Don’t ignore messenger apps
A recent Facebook-commissioned study by Nielson found that 63% of the people surveyed had increased their messaging with businesses over the previous two years, so the launch of Whatsapp for business, announced last week, is a potential game changer for B2C communications.
There are, at the last count, 1 billion people using the app in over 180 countries. Initially, the roll out is for small businesses only and it isn’t yet available in the GCC, but expect it to be here very soon, with an enterprise edition to follow. Apple has also just launched “Business Chat” as a direct competitor. It’s in Beta mode currently, with a mainstream release expected sometime in Spring, with a focus on emerging markets.
Do you collect data online in multiple territories? If so, are you aware of upcoming legislation changes, in particular GDPR in Europe? If not, I recommend you do some research. Many GCC-based businesses run digital activity in Europe, and by May 2018, hefty fines will be levied on organisations operating outside of the new legal requirements.

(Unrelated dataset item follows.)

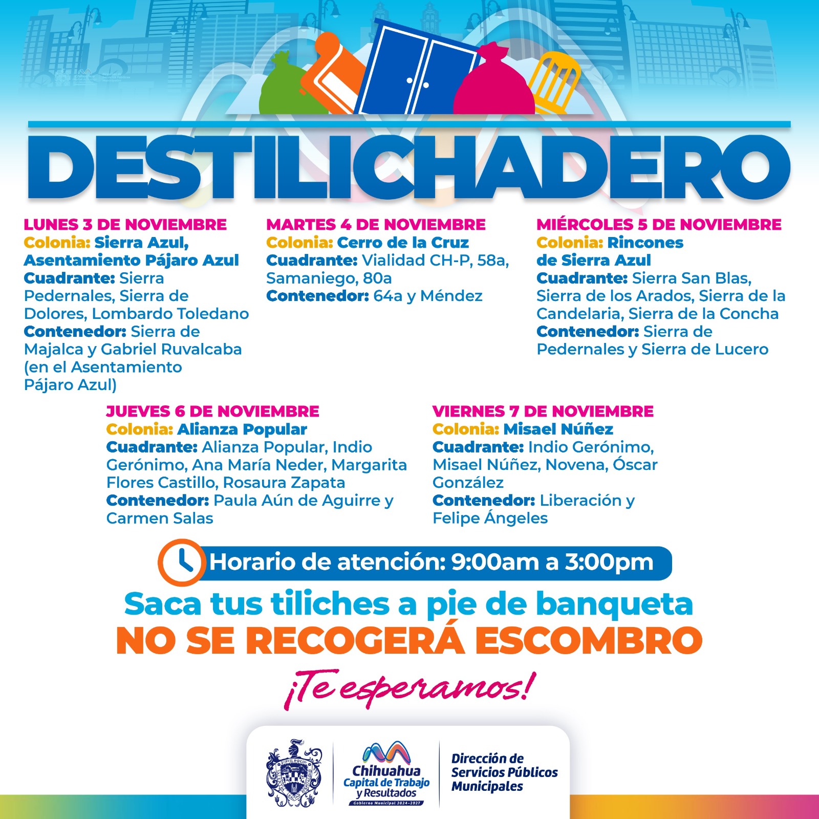 Por FELAH. Ciudad de Chihuahua, Chih., a 1 de noviembre de 2025.- La Dirección de Servicios Públicos Municipales, informa el calendario del programa Destilichadero, que se realizará en seis de colonias de la Capital del 3 al 7 de noviembre con el objetivo de evitar acumulaciones de basura de grandes dimensiones en las viviendas, que podría generar plagas o problemas de salud, .

The same applies to influencer marketing. If you are running global influencer programmes, are you aware of legalities for declaring conflicts of interest or transparency requirements around paid promotion?
Build a fit-for-purpose measurement framework in place
We are still having lots of discussions around vanity metrics – engagement, video views, CTR – all of which are useful indicators of how your digital efforts are resonating with audiences, but are you tracking the activity back to genuine business metrics? As the digital landscape further fragments and new tech comes to the fore, it will become harder and harder to makes business cases for specific activity without a clear view of tangible results.